### Your instructions
With images excluded, write out each entry below exactly as given.

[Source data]
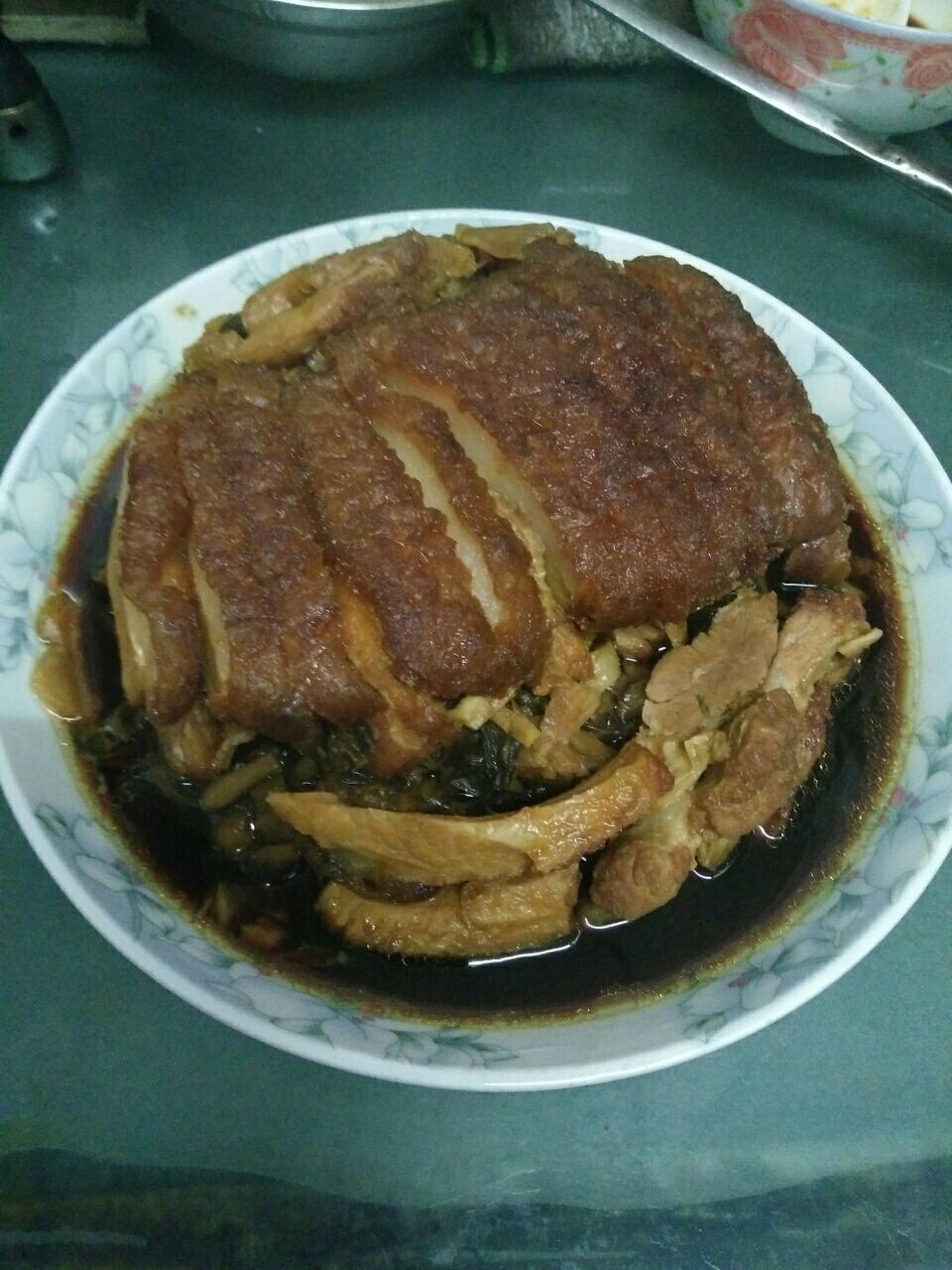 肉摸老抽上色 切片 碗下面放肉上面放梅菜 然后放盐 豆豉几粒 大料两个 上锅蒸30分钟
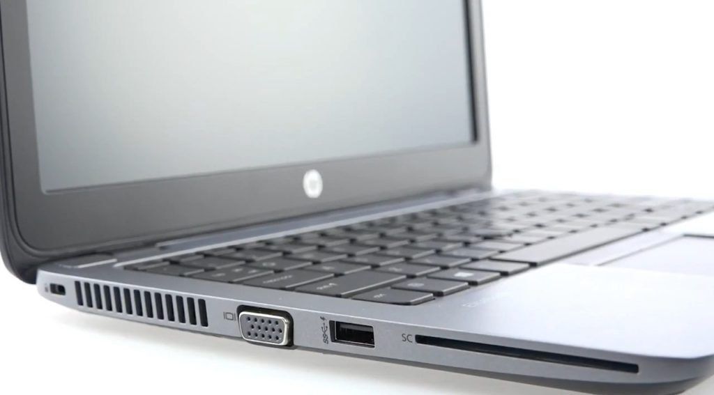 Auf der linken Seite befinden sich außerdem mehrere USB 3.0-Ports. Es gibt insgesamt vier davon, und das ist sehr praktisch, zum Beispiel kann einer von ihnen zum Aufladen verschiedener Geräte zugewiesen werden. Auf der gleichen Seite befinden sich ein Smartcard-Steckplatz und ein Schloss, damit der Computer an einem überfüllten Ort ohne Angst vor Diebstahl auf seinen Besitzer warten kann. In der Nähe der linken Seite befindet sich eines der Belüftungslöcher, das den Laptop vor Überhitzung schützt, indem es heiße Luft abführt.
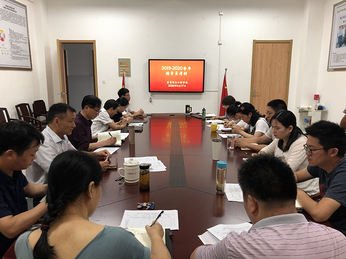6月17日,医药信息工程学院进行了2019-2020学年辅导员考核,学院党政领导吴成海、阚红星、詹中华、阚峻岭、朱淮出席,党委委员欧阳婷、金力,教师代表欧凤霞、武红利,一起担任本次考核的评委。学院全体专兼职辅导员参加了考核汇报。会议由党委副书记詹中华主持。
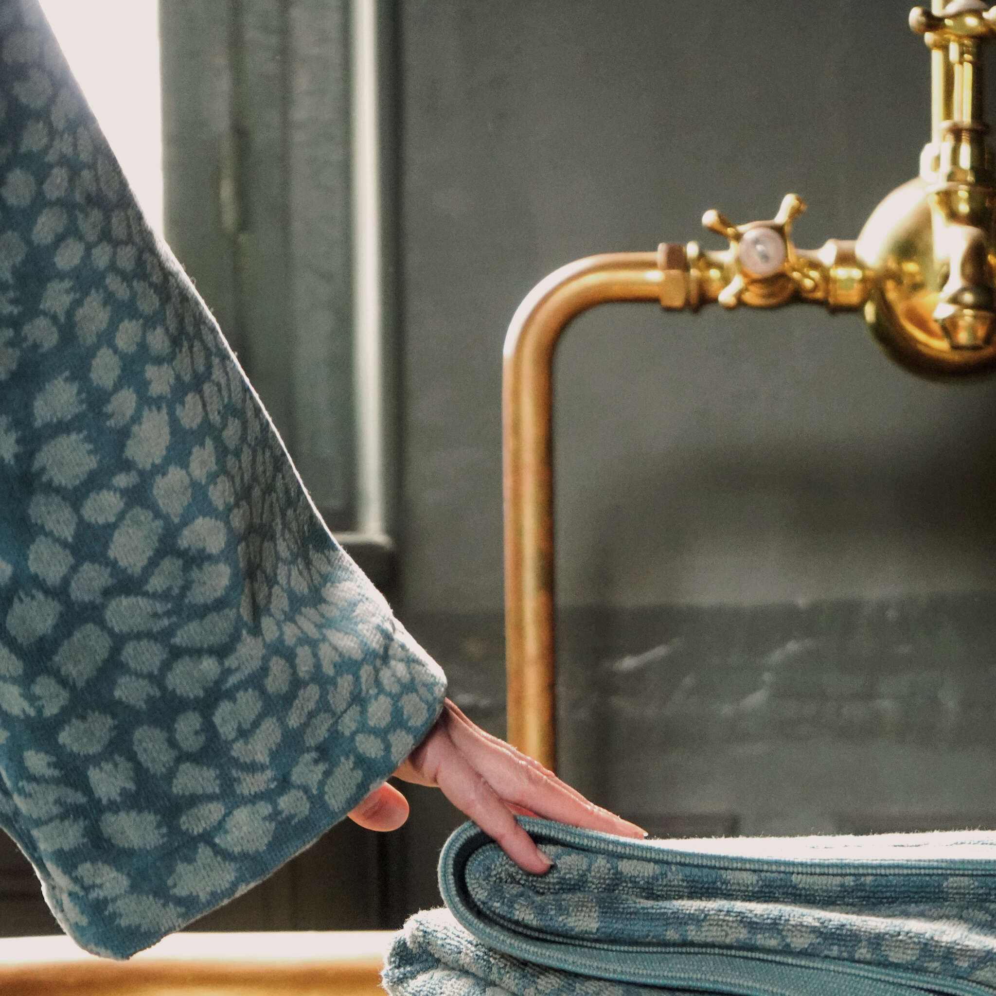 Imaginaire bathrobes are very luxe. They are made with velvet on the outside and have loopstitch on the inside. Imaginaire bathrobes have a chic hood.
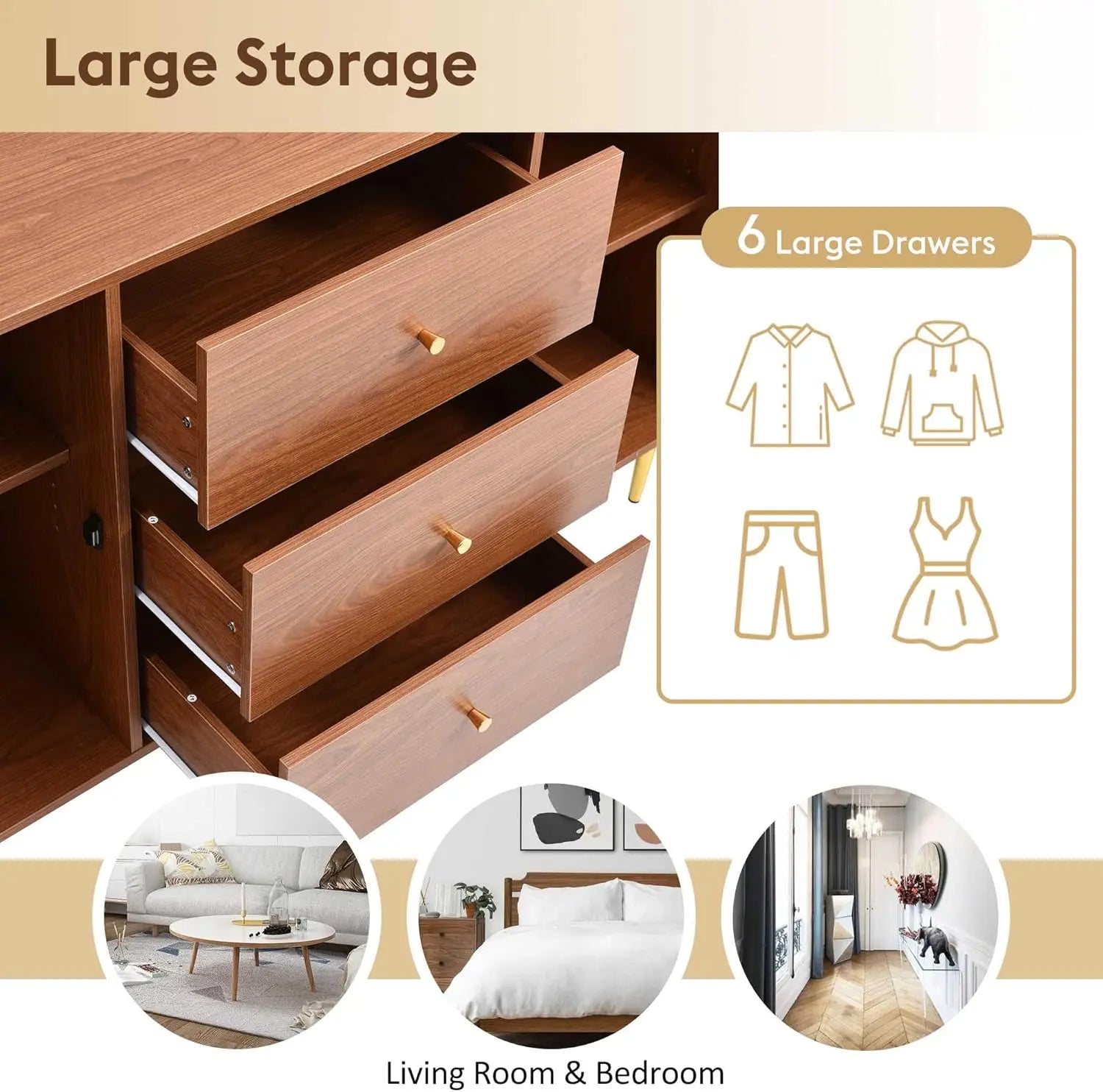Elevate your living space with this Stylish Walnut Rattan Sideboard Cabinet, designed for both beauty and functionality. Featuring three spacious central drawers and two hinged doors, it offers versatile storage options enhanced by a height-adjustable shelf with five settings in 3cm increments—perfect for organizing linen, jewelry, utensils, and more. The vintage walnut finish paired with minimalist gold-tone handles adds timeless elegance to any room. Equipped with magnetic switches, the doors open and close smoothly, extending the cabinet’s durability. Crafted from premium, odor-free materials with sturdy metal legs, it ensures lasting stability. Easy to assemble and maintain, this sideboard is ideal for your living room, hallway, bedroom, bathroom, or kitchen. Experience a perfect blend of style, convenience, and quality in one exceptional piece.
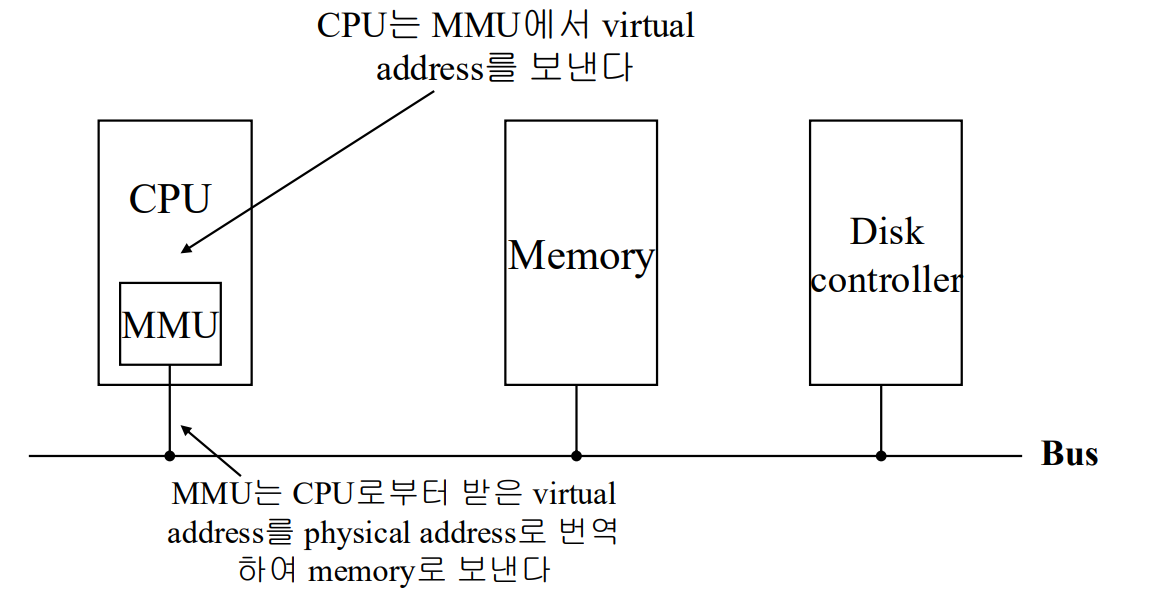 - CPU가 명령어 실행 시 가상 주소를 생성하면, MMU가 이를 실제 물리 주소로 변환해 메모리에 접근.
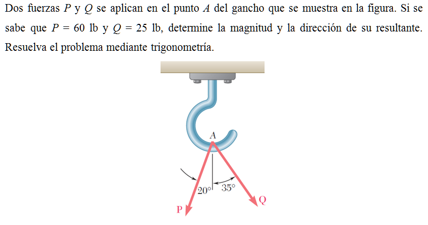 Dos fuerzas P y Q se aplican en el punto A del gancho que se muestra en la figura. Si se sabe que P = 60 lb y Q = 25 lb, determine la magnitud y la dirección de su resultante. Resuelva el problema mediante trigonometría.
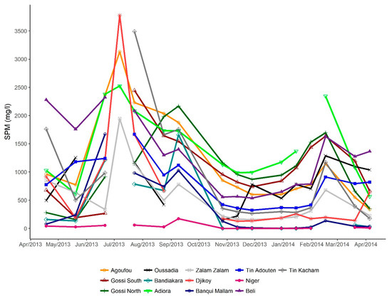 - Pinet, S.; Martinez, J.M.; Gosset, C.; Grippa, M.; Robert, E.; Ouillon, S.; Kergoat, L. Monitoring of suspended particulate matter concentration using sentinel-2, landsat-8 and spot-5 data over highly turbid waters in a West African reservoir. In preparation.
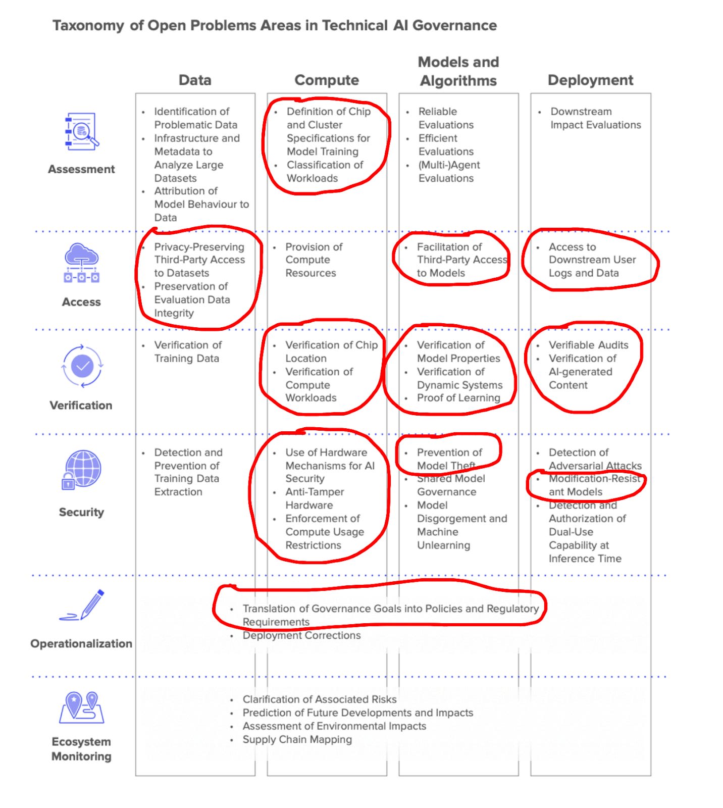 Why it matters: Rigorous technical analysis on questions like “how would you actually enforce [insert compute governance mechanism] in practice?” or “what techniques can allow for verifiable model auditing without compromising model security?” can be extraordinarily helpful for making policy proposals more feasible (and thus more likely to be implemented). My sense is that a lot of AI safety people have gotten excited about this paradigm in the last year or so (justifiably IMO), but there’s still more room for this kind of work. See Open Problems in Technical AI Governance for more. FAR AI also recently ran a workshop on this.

### Task solution
 肉摸老抽上色 切片 碗下面放肉上面放梅菜 然后放盐 豆豉几粒 大料两个 上锅蒸30分钟
 Auf der linken Seite befinden sich außerdem mehrere USB 3.0-Ports. Es gibt insgesamt vier davon, und das ist sehr praktisch, zum Beispiel kann einer von ihnen zum Aufladen verschiedener Geräte zugewiesen werden. Auf der gleichen Seite befinden sich ein Smartcard-Steckplatz und ein Schloss, damit der Computer an einem überfüllten Ort ohne Angst vor Diebstahl auf seinen Besitzer warten kann. In der Nähe der linken Seite befindet sich eines der Belüftungslöcher, das den Laptop vor Überhitzung schützt, indem es heiße Luft abführt.
6月17日,医药信息工程学院进行了2019-2020学年辅导员考核,学院党政领导吴成海、阚红星、詹中华、阚峻岭、朱淮出席,党委委员欧阳婷、金力,教师代表欧凤霞、武红利,一起担任本次考核的评委。学院全体专兼职辅导员参加了考核汇报。会议由党委副书记詹中华主持。
 Imaginaire bathrobes are very luxe. They are made with velvet on the outside and have loopstitch on the inside. Imaginaire bathrobes have a chic hood.
Elevate your living space with this Stylish Walnut Rattan Sideboard Cabinet, designed for both beauty and functionality. Featuring three spacious central drawers and two hinged doors, it offers versatile storage options enhanced by a height-adjustable shelf with five settings in 3cm increments—perfect for organizing linen, jewelry, utensils, and more. The vintage walnut finish paired with minimalist gold-tone handles adds timeless elegance to any room. Equipped with magnetic switches, the doors open and close smoothly, extending the cabinet’s durability. Crafted from premium, odor-free materials with sturdy metal legs, it ensures lasting stability. Easy to assemble and maintain, this sideboard is ideal for your living room, hallway, bedroom, bathroom, or kitchen. Experience a perfect blend of style, convenience, and quality in one exceptional piece.
 - CPU가 명령어 실행 시 가상 주소를 생성하면, MMU가 이를 실제 물리 주소로 변환해 메모리에 접근.
 Dos fuerzas P y Q se aplican en el punto A del gancho que se muestra en la figura. Si se sabe que P = 60 lb y Q = 25 lb, determine la magnitud y la dirección de su resultante. Resuelva el problema mediante trigonometría.
 - Pinet, S.; Martinez, J.M.; Gosset, C.; Grippa, M.; Robert, E.; Ouillon, S.; Kergoat, L. Monitoring of suspended particulate matter concentration using sentinel-2, landsat-8 and spot-5 data over highly turbid waters in a West African reservoir. In preparation.
 Why it matters: Rigorous technical analysis on questions like “how would you actually enforce [insert compute governance mechanism] in practice?” or “what techniques can allow for verifiable model auditing without compromising model security?” can be extraordinarily helpful for making policy proposals more feasible (and thus more likely to be implemented). My sense is that a lot of AI safety people have gotten excited about this paradigm in the last year or so (justifiably IMO), but there’s still more room for this kind of work. See Open Problems in Technical AI Governance for more. FAR AI also recently ran a workshop on this.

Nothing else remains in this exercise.